Exercise objective
Your answer should consist solely of the lines from the one holding "Neste domingo, 24, a" through the final line of the entries, reproduced exactly and without pictures.

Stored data

+ + + + +

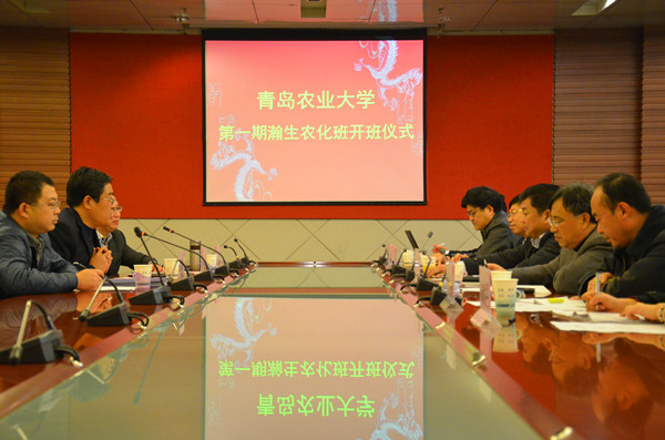 开班仪式在庄严肃穆的国歌中开幕。在致辞中,朱连勤代表学校向第一期“瀚生卓越农化班”顺利开班表示祝贺。朱处长首先介绍了学校、化学与药学院的学科和专业设置、师资、科研和发展特色等基本情况,同时,对青岛瀚生生物科技股份有限公司在我校开设农化班、探索校企合作新模式表示衷心感谢,并对参加本次“瀚生卓越农化班”的62名同学表示祝贺,同时寄予希望:一是希望同学们紧紧抓住企业家走进校园“传经送宝”的机会加强学习,二是紧紧抓住毕业前走进社会、走入企业锻炼的机会大胆实践,俗话说“师傅领进门,修行在个人”,是否掌握理论应用于实践的技能是大学生成功的关键,三是希望第一期瀚生班的学员能打好基础,开好局,结出硕果,成为学校与企业密切合作的桥梁和纽带。同时,他也希望学院通过开办“瀚生卓越农化班”,深入探索,积累经验,不断创新人才培养模式,多为社会和企业输送能够下得去、用得上、留得住的高素质复合型人才,希望青岛瀚生生物科技股份有限公司多对我校的学科建设、科技创新、人才培养等方面的工作提出宝贵的意见和建议。
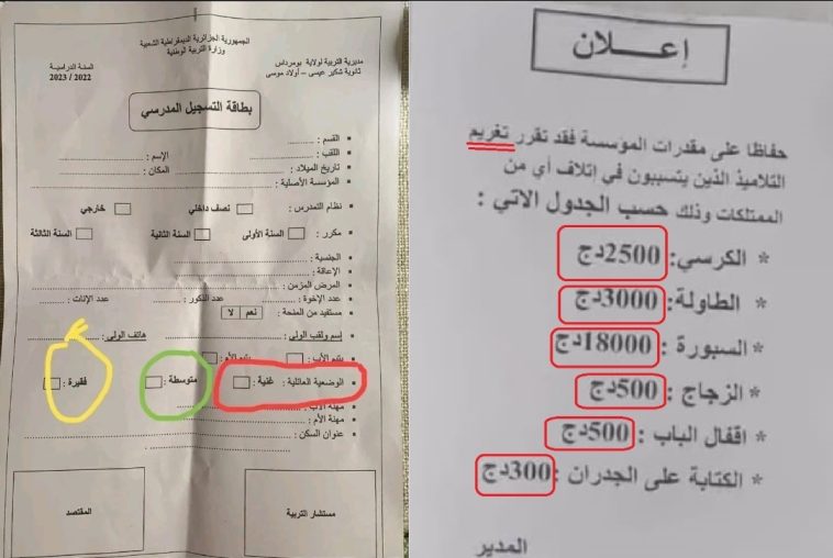 وقد اتخذ القرار على مستوى عالي، إثر توزيع هذه الوثيقة التي تم تداولها على منصات التواصل الاجتماعي والتي لقيت العديد من الردود لا سيما وأنها تطلب من التلاميذ تحديد الوضعية الاجتماعية لعائلاتهم إن كانت “فقيرة” أو “متوسطة الدخل” أو “غنية”.
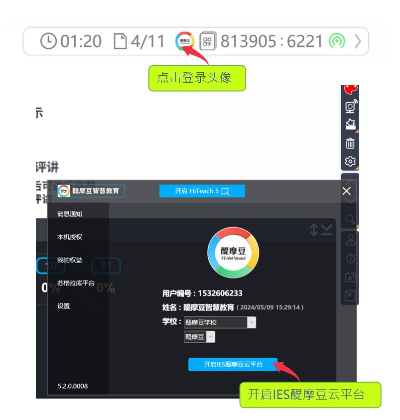 IES平臺是與HiTeach緊密搭配應用的云端后臺,評量結果會記錄到云端中,登入IES即可查閱或統(tǒng)計成績。最便利的進入IES方式是點選HiTeach的登入頭像,出現(xiàn)HiTeach助手畫面后,點選開啟IES醍摩豆云平臺鈕,就會開啟瀏覽器進入IES頁面并自動登入。
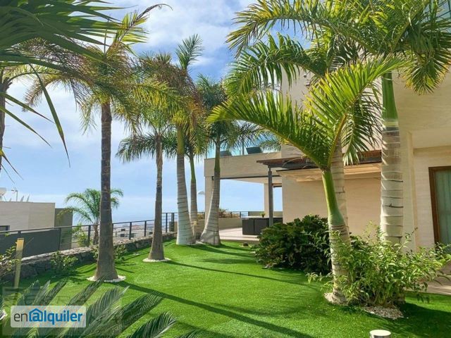 Espectacular villa en alquiler con piscina privada y vistas panorámicas al mar y a las montañas. La villa esta construida sobre una parcela con posición privilegiada disfrutando a la vez de discreción y vistas panorámicas de 360º alrededor de la villa. Dividida sobre 3 alturas tiene 3 habitaciones y 2 baños con vistas y terrazas en planta alta, zona de día con un salón luminoso, gran cocina independiente y acceso al exclusivo cenador exterior con vistas al mar. En planta baja esta situados el gimnasio y un gran apartamento completo con salón y cocina americana y un precioso dormitorio doble con armarios empotrados. Garaje privado para dos coches. El jardín y las zonas exteriores, tan importante en Tenerife Sur son amplias y soleadas pero disfrutan de la máxima discreción. La piscina privada con cascada se puede disfrutar a temperatura perfecta los 365 días del año. Hay aire acondicionado en toda la villa, terrazas y amplios espacios abiertos. El jardín esta plantado por completo con palmeras reales y plantas subtropicales añadiendo así a la maravillosa sensación de vivir de vacaciones todos los días del año. #ref:TM1304-V-CAL - TM1304-V-CAL - Terra Magna Inmuebles S.L.
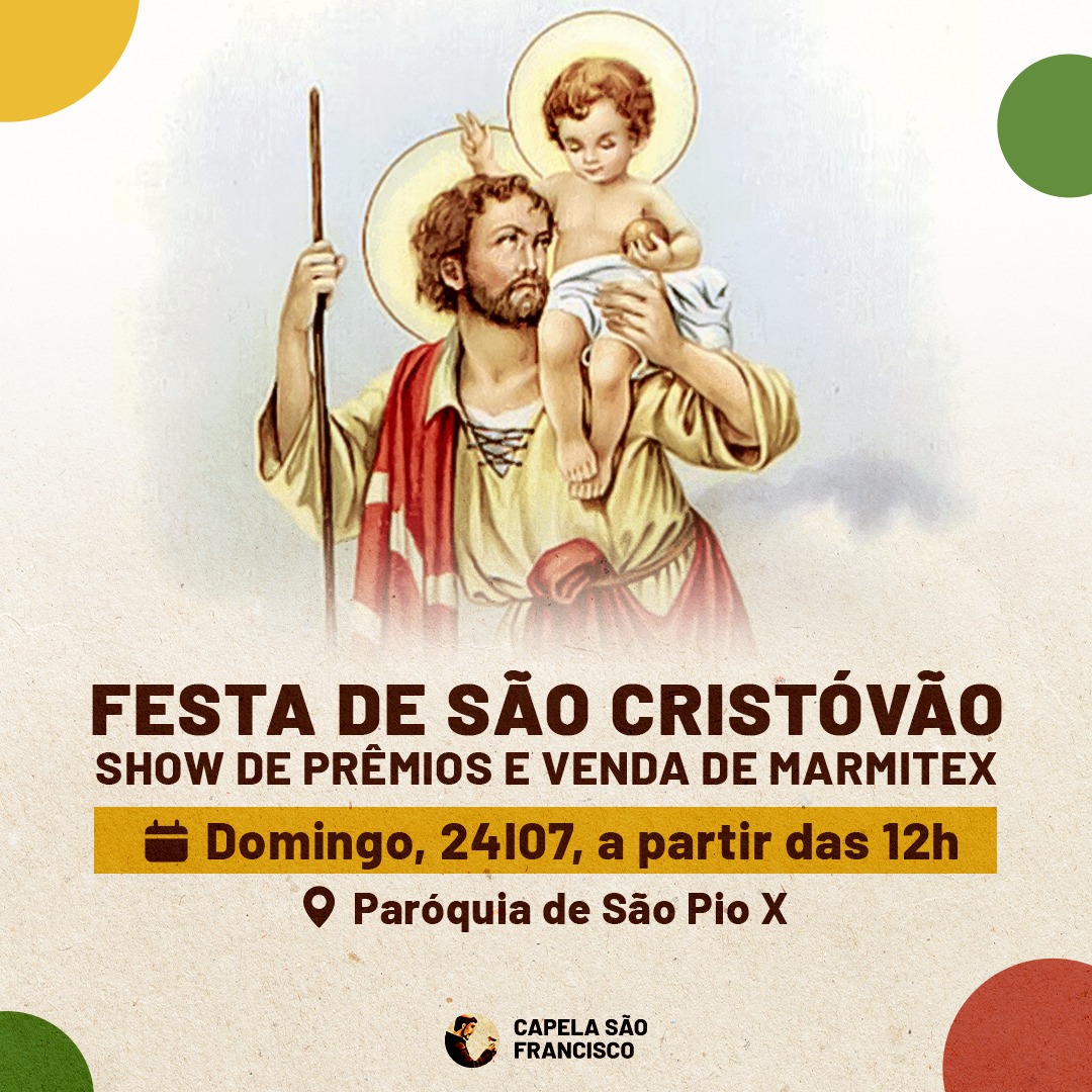 Neste domingo, 24, a partir das 10h, haverá missa e almoço em homenagem a São Cristóvão (comemorado dia 25 de julho), na capela que leva o nome do padroeiro, localizada na Rodovia Marechal Rondon, km 239 – Serra de Botucatu).
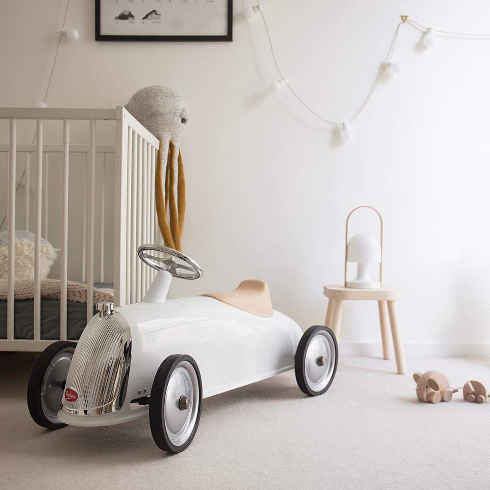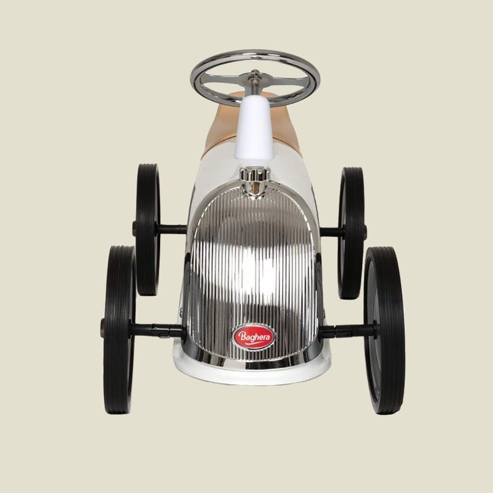 Deze stijlvolle Baghera sneeuwwitte loopauto is een stoere retro loopauto met een mooie gestroomlijnde uitstraling.

+ + + + +

Answer area
 Neste domingo, 24, a partir das 10h, haverá missa e almoço em homenagem a São Cristóvão (comemorado dia 25 de julho), na capela que leva o nome do padroeiro, localizada na Rodovia Marechal Rondon, km 239 – Serra de Botucatu).
 Deze stijlvolle Baghera sneeuwwitte loopauto is een stoere retro loopauto met een mooie gestroomlijnde uitstraling.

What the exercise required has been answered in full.